What would Reese Schonfeld, president of Cable News Network, consider a CNN success story at the end of its first year?

"There are three things we need to improve. First, the quality of our weekend programming.I was totally wrong in thinking that weekend news on cable would not be of interest because people don't listen as much to all-news weekend radio. But I've now decided that people don't listen to all-news radio on weekends because that's when they're wathcing TV. And that's when we are going to have our greatest audience. So that's where we have to be at our best.

"The second thing I want to do is improve the quality of our writing. It's a problem for all of television, but especially for us.

"And the third thing I'd like to do is increase the editorial staff by one-quarter, maybe even more. I find everyone, and myself included, thinking about today. We just need some people to think ahead.
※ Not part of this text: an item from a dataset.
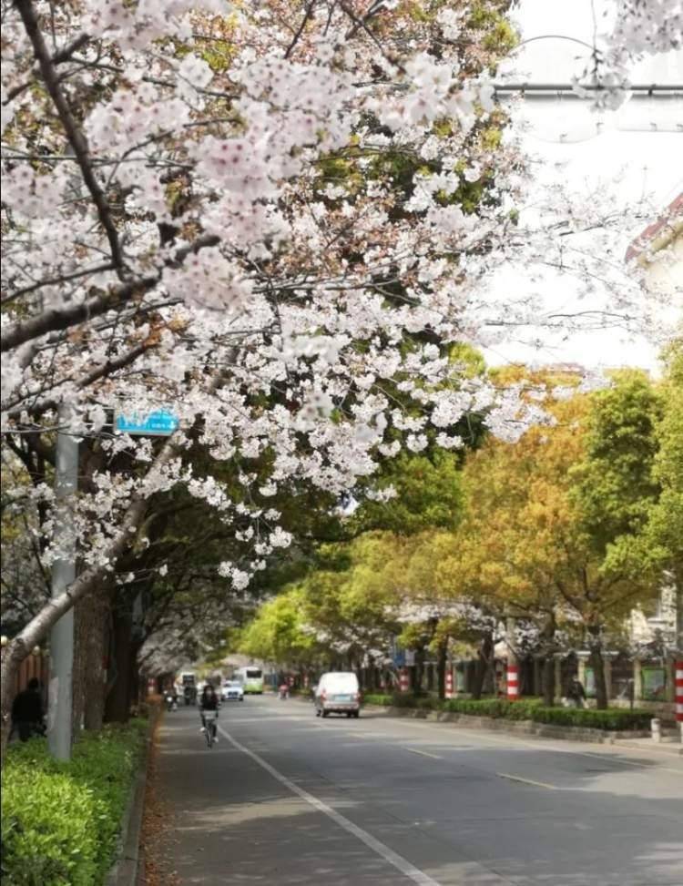 新二路上的樱花盛大而茂密,仿佛飞雪在枝头连缀成片,一眼望不到头。

"If, at the end of the first year -- that's June 1, 1981, -- we had 5 to 6 million subscribers instead of the 3 million we estimate we will have by Oct. 1, that would enable us to spend more money and do all of those things."

Suddenly Mr. Schonfeld seems to sense that the is, perpahps, being too critical of his own staff. He adds:

"Even considering the quality of what we do now, we give the viewers some things they could never get from any network. I'm dissatisfied with the quality , but then, I'm congenitally dissatisfied. I guess perfection will just have to wait a while.

"But one thing we do right now, consciously, although it didn't start our that way, is try do do America as if it were a local story. That's why our 'look' tends to be somewhere between the 'network look' and the 'local look.'

"We are not trying to be Olympicans like the three networks, peering down on this planet as if we don't live here. We don't want to be judgmental, and I don't think we are. But maybe that's just because we've got to get on the air so fast we don't have the time."

However, futurists as well as opposition news organizations are already judging Cable News Network. They are trying to decide if those 300 hardy pioneers will prove to be the vanguard of a new 24-hour news movement in all forms of telecommunications -- over-the-air, cable, pay TV.

Or if CNN will turn out to have been a premature harbinger of news to come.